# just joined the forum!!



## Cosmiccoffee (May 11, 2016)

Hi all we have just purchased a mobile coffee trailer which is a converted del boy van it's so funny & hope it will attract the desired attention! We have a frachino classic 2 group semi auto esspresso model number CLA2 which we were told is approximately 8years old & looks in good condition.

As we are new to this we are trying to find out what size generator we need to power this machine.
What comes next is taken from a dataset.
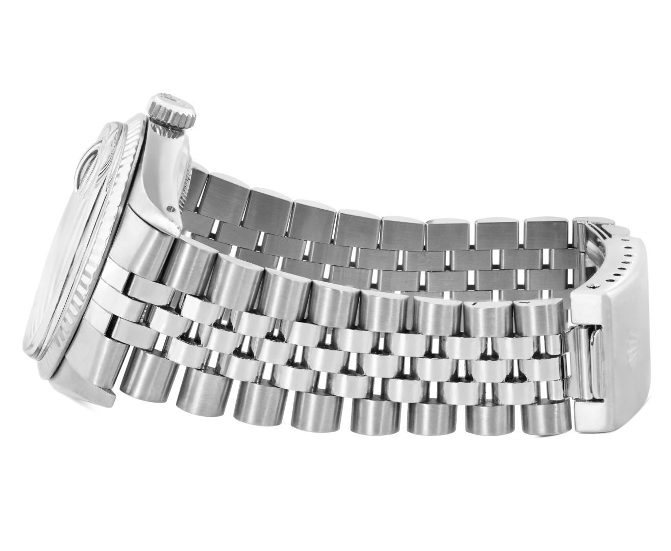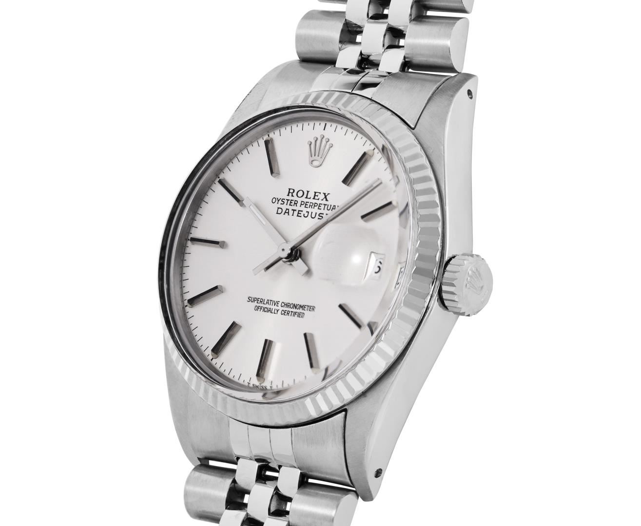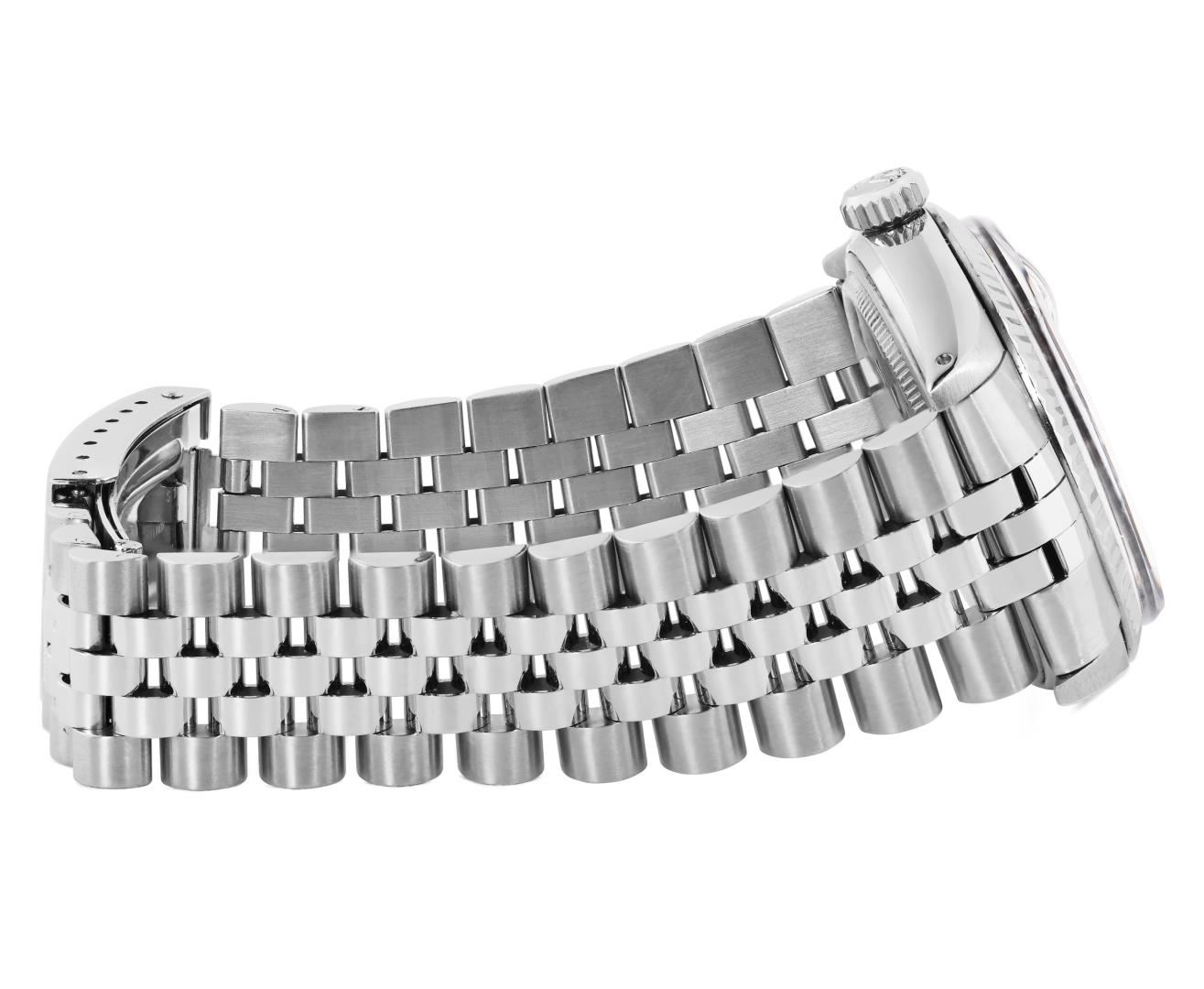 One Mens Pre Owned Rolex Stainless Steel Datejust Polished Bright with Satin Finish, Serviced And Electronically Tested, Rolex Stainless Steel Case: 36mm, Rolex Stainless Steel Crown, Rolex Bezel: 18K White Gold Fluted Bezel. Custom Crystal: New Acrylic Crystal With Magnifying Date Window. Rolex Movement: Automatic Winding Movement Caliber 3035. Rolex Dial: Silver Index With Dash Track and Lumi Dots. Hands: White Lumi Hands. Date Window: 3 O'Clock Position Date Display, Quickset, Model: Quickset Datejust. Condition: G-6 Extra Fine. Rolex Bracelet: Stainless Steel Jubilee Band. Bright Polish & Satin Finish. 7.0 Inch Length, Adjustable. Standard Clasp, With Rolex Logo. This Watch Has Been Serviced Time Tested And Is In Excellent Condition It Is Free Of All Scratches And Dents.

I believe we need a silent inverter geny but would really appreciate some guidance as to what KW size one we need, we have a grinder in the van but that's all we are planning to run.

Please help!!

Many thanks cosmiccoffee.


----------



## Motherpucker (Apr 18, 2016)

It can't be running more than 3-4kw max at full capacity, unless you have lighting and other bits.alot of 2groups run between 2.6-3.2,factor in 1kW for grinder max,should be ample


----------



## Rhys (Dec 21, 2014)

If you have a 'Del-Boy' van, then I would expect you will be trailing a lead to the nearest lamp-post and 'borrowing'







a bit of electricity...


----------



## SmithStCoffeeRoasters (Feb 23, 2016)

Maybe look at selling the coffee machine on & getting a duel fuel ideally or a gas powered espresso machine much better option in the mobile coffee game


----------